Data shown Start Marker

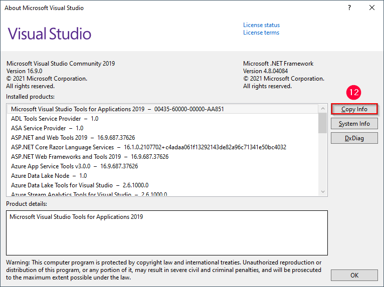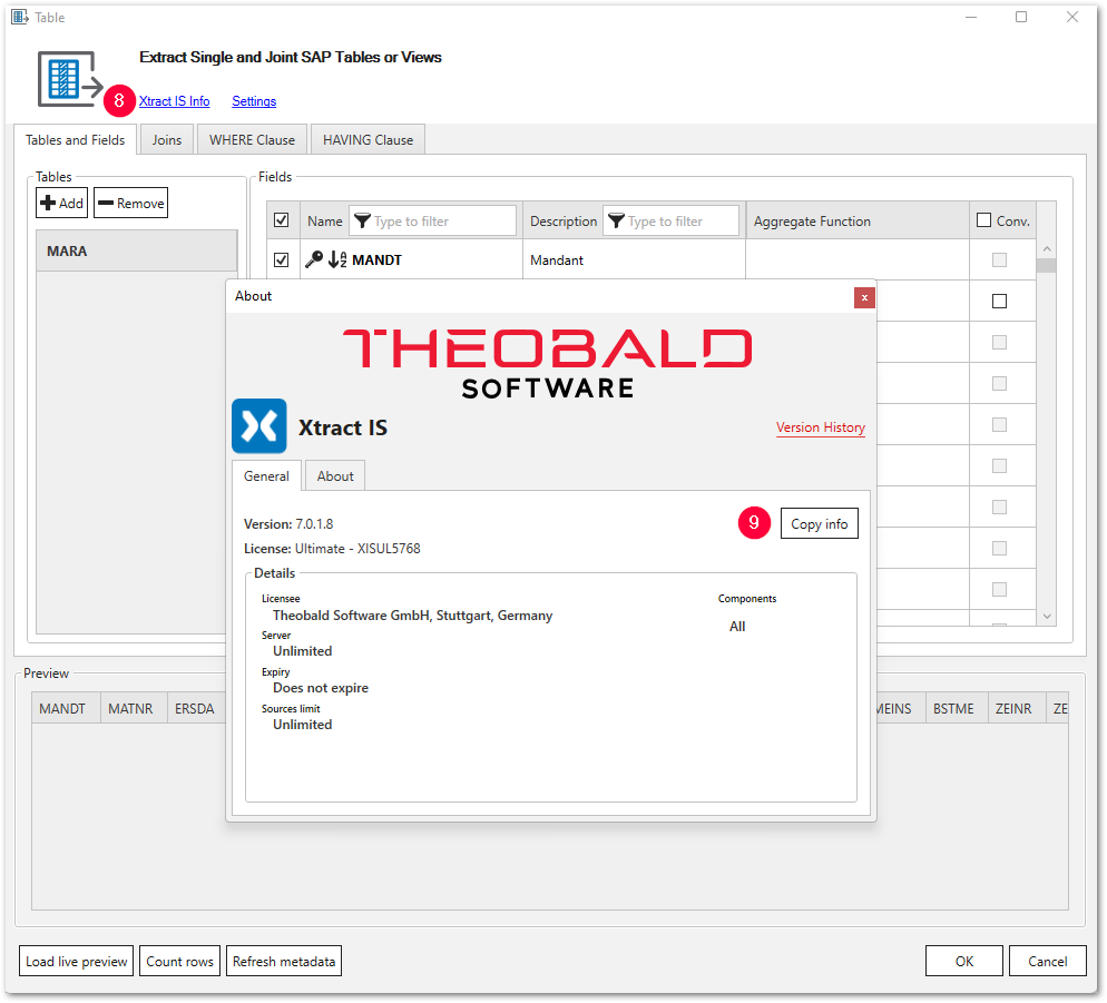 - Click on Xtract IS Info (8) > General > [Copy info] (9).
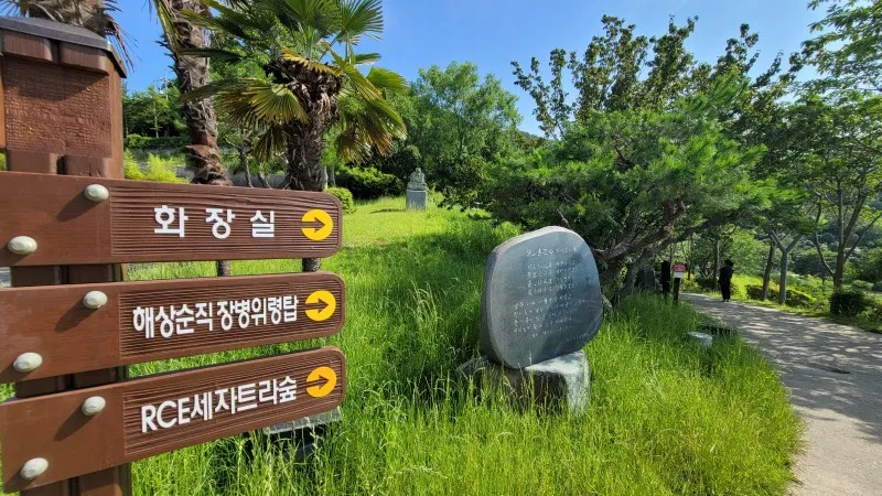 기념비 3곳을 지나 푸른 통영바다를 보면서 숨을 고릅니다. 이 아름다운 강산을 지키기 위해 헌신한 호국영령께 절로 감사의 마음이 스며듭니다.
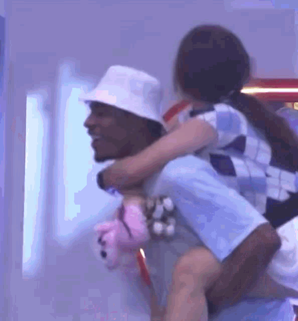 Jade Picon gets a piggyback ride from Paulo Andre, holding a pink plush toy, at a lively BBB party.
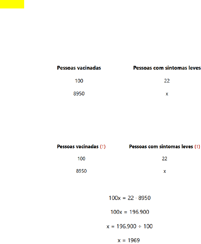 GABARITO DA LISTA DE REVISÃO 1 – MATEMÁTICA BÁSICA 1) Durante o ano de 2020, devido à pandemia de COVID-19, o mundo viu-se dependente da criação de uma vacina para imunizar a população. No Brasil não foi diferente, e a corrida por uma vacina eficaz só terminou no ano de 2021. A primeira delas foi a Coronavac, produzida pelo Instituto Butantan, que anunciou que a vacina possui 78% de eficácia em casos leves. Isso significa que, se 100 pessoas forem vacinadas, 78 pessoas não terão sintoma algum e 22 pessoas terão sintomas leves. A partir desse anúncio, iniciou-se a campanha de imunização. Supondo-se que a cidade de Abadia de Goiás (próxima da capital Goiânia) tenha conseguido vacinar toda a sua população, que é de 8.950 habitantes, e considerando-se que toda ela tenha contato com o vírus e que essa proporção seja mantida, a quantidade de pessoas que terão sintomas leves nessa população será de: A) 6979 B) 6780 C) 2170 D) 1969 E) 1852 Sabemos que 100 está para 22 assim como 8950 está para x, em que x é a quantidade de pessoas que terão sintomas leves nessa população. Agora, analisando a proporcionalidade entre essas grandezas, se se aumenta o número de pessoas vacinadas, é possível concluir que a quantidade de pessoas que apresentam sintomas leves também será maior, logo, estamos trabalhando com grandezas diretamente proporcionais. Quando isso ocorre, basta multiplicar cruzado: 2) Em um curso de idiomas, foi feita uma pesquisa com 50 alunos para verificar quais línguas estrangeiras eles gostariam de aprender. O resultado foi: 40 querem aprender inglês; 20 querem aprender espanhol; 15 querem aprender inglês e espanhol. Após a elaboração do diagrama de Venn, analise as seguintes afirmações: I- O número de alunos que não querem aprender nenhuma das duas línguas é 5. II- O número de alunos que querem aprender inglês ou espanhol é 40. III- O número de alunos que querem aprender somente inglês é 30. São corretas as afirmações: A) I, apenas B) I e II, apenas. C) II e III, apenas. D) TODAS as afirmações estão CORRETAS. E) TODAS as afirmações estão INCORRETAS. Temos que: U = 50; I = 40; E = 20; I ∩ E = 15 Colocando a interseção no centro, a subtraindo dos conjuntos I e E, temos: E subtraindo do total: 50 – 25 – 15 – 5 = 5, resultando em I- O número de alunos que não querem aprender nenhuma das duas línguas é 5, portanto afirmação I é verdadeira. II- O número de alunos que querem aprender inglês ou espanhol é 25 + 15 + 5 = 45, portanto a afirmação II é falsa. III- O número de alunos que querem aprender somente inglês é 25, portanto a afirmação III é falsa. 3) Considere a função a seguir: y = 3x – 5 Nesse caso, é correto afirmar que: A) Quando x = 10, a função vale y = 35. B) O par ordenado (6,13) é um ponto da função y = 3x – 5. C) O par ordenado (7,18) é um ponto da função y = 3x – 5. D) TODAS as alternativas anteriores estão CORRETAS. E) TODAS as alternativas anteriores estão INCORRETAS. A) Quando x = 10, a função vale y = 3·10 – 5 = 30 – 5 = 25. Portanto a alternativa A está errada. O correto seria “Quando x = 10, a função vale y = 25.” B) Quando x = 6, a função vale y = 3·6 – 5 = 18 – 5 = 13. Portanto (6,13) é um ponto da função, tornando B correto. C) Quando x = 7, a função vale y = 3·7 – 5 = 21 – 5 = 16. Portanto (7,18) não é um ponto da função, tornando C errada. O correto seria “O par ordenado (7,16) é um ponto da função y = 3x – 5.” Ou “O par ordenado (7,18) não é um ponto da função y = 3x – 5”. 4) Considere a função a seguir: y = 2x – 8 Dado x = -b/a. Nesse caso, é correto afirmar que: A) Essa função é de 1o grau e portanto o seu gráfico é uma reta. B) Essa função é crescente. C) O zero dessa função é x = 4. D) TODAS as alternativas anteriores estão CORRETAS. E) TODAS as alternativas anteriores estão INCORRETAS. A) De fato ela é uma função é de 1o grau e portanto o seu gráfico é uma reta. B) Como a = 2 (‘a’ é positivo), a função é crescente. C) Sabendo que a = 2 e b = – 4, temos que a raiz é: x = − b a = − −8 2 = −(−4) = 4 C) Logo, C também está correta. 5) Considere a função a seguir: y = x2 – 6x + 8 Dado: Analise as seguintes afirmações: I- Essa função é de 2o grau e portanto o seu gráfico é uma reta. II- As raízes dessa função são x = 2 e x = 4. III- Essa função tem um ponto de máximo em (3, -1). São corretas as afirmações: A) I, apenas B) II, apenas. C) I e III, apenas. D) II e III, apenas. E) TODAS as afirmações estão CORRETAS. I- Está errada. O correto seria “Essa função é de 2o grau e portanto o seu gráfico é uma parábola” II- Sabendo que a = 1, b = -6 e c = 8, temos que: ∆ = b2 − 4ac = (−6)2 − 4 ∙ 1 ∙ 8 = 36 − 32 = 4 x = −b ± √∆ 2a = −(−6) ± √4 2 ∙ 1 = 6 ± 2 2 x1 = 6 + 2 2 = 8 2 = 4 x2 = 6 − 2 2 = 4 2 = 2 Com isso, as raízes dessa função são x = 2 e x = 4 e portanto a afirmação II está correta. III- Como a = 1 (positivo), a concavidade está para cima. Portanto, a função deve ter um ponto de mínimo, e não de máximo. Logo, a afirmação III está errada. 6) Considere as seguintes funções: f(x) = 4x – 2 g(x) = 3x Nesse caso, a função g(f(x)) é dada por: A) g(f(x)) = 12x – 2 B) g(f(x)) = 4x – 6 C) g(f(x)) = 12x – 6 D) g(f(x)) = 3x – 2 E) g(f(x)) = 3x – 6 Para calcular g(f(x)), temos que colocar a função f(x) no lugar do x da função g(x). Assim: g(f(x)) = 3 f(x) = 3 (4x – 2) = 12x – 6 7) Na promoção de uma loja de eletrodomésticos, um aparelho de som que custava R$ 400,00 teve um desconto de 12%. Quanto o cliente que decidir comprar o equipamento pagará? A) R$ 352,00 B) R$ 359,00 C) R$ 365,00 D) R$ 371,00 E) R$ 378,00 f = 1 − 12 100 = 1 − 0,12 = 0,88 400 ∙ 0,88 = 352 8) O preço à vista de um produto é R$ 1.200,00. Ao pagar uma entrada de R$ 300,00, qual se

Data shown End Marker

Retype the listing exactly and drop the pictures.

### Result
 - Click on Xtract IS Info (8) > General > [Copy info] (9).
 기념비 3곳을 지나 푸른 통영바다를 보면서 숨을 고릅니다. 이 아름다운 강산을 지키기 위해 헌신한 호국영령께 절로 감사의 마음이 스며듭니다.
 Jade Picon gets a piggyback ride from Paulo Andre, holding a pink plush toy, at a lively BBB party.
 GABARITO DA LISTA DE REVISÃO 1 – MATEMÁTICA BÁSICA 1) Durante o ano de 2020, devido à pandemia de COVID-19, o mundo viu-se dependente da criação de uma vacina para imunizar a população. No Brasil não foi diferente, e a corrida por uma vacina eficaz só terminou no ano de 2021. A primeira delas foi a Coronavac, produzida pelo Instituto Butantan, que anunciou que a vacina possui 78% de eficácia em casos leves. Isso significa que, se 100 pessoas forem vacinadas, 78 pessoas não terão sintoma algum e 22 pessoas terão sintomas leves. A partir desse anúncio, iniciou-se a campanha de imunização. Supondo-se que a cidade de Abadia de Goiás (próxima da capital Goiânia) tenha conseguido vacinar toda a sua população, que é de 8.950 habitantes, e considerando-se que toda ela tenha contato com o vírus e que essa proporção seja mantida, a quantidade de pessoas que terão sintomas leves nessa população será de: A) 6979 B) 6780 C) 2170 D) 1969 E) 1852 Sabemos que 100 está para 22 assim como 8950 está para x, em que x é a quantidade de pessoas que terão sintomas leves nessa população. Agora, analisando a proporcionalidade entre essas grandezas, se se aumenta o número de pessoas vacinadas, é possível concluir que a quantidade de pessoas que apresentam sintomas leves também será maior, logo, estamos trabalhando com grandezas diretamente proporcionais. Quando isso ocorre, basta multiplicar cruzado: 2) Em um curso de idiomas, foi feita uma pesquisa com 50 alunos para verificar quais línguas estrangeiras eles gostariam de aprender. O resultado foi: 40 querem aprender inglês; 20 querem aprender espanhol; 15 querem aprender inglês e espanhol. Após a elaboração do diagrama de Venn, analise as seguintes afirmações: I- O número de alunos que não querem aprender nenhuma das duas línguas é 5. II- O número de alunos que querem aprender inglês ou espanhol é 40. III- O número de alunos que querem aprender somente inglês é 30. São corretas as afirmações: A) I, apenas B) I e II, apenas. C) II e III, apenas. D) TODAS as afirmações estão CORRETAS. E) TODAS as afirmações estão INCORRETAS. Temos que: U = 50; I = 40; E = 20; I ∩ E = 15 Colocando a interseção no centro, a subtraindo dos conjuntos I e E, temos: E subtraindo do total: 50 – 25 – 15 – 5 = 5, resultando em I- O número de alunos que não querem aprender nenhuma das duas línguas é 5, portanto afirmação I é verdadeira. II- O número de alunos que querem aprender inglês ou espanhol é 25 + 15 + 5 = 45, portanto a afirmação II é falsa. III- O número de alunos que querem aprender somente inglês é 25, portanto a afirmação III é falsa. 3) Considere a função a seguir: y = 3x – 5 Nesse caso, é correto afirmar que: A) Quando x = 10, a função vale y = 35. B) O par ordenado (6,13) é um ponto da função y = 3x – 5. C) O par ordenado (7,18) é um ponto da função y = 3x – 5. D) TODAS as alternativas anteriores estão CORRETAS. E) TODAS as alternativas anteriores estão INCORRETAS. A) Quando x = 10, a função vale y = 3·10 – 5 = 30 – 5 = 25. Portanto a alternativa A está errada. O correto seria “Quando x = 10, a função vale y = 25.” B) Quando x = 6, a função vale y = 3·6 – 5 = 18 – 5 = 13. Portanto (6,13) é um ponto da função, tornando B correto. C) Quando x = 7, a função vale y = 3·7 – 5 = 21 – 5 = 16. Portanto (7,18) não é um ponto da função, tornando C errada. O correto seria “O par ordenado (7,16) é um ponto da função y = 3x – 5.” Ou “O par ordenado (7,18) não é um ponto da função y = 3x – 5”. 4) Considere a função a seguir: y = 2x – 8 Dado x = -b/a. Nesse caso, é correto afirmar que: A) Essa função é de 1o grau e portanto o seu gráfico é uma reta. B) Essa função é crescente. C) O zero dessa função é x = 4. D) TODAS as alternativas anteriores estão CORRETAS. E) TODAS as alternativas anteriores estão INCORRETAS. A) De fato ela é uma função é de 1o grau e portanto o seu gráfico é uma reta. B) Como a = 2 (‘a’ é positivo), a função é crescente. C) Sabendo que a = 2 e b = – 4, temos que a raiz é: x = − b a = − −8 2 = −(−4) = 4 C) Logo, C também está correta. 5) Considere a função a seguir: y = x2 – 6x + 8 Dado: Analise as seguintes afirmações: I- Essa função é de 2o grau e portanto o seu gráfico é uma reta. II- As raízes dessa função são x = 2 e x = 4. III- Essa função tem um ponto de máximo em (3, -1). São corretas as afirmações: A) I, apenas B) II, apenas. C) I e III, apenas. D) II e III, apenas. E) TODAS as afirmações estão CORRETAS. I- Está errada. O correto seria “Essa função é de 2o grau e portanto o seu gráfico é uma parábola” II- Sabendo que a = 1, b = -6 e c = 8, temos que: ∆ = b2 − 4ac = (−6)2 − 4 ∙ 1 ∙ 8 = 36 − 32 = 4 x = −b ± √∆ 2a = −(−6) ± √4 2 ∙ 1 = 6 ± 2 2 x1 = 6 + 2 2 = 8 2 = 4 x2 = 6 − 2 2 = 4 2 = 2 Com isso, as raízes dessa função são x = 2 e x = 4 e portanto a afirmação II está correta. III- Como a = 1 (positivo), a concavidade está para cima. Portanto, a função deve ter um ponto de mínimo, e não de máximo. Logo, a afirmação III está errada. 6) Considere as seguintes funções: f(x) = 4x – 2 g(x) = 3x Nesse caso, a função g(f(x)) é dada por: A) g(f(x)) = 12x – 2 B) g(f(x)) = 4x – 6 C) g(f(x)) = 12x – 6 D) g(f(x)) = 3x – 2 E) g(f(x)) = 3x – 6 Para calcular g(f(x)), temos que colocar a função f(x) no lugar do x da função g(x). Assim: g(f(x)) = 3 f(x) = 3 (4x – 2) = 12x – 6 7) Na promoção de uma loja de eletrodomésticos, um aparelho de som que custava R$ 400,00 teve um desconto de 12%. Quanto o cliente que decidir comprar o equipamento pagará? A) R$ 352,00 B) R$ 359,00 C) R$ 365,00 D) R$ 371,00 E) R$ 378,00 f = 1 − 12 100 = 1 − 0,12 = 0,88 400 ∙ 0,88 = 352 8) O preço à vista de um produto é R$ 1.200,00. Ao pagar uma entrada de R$ 300,00, qual se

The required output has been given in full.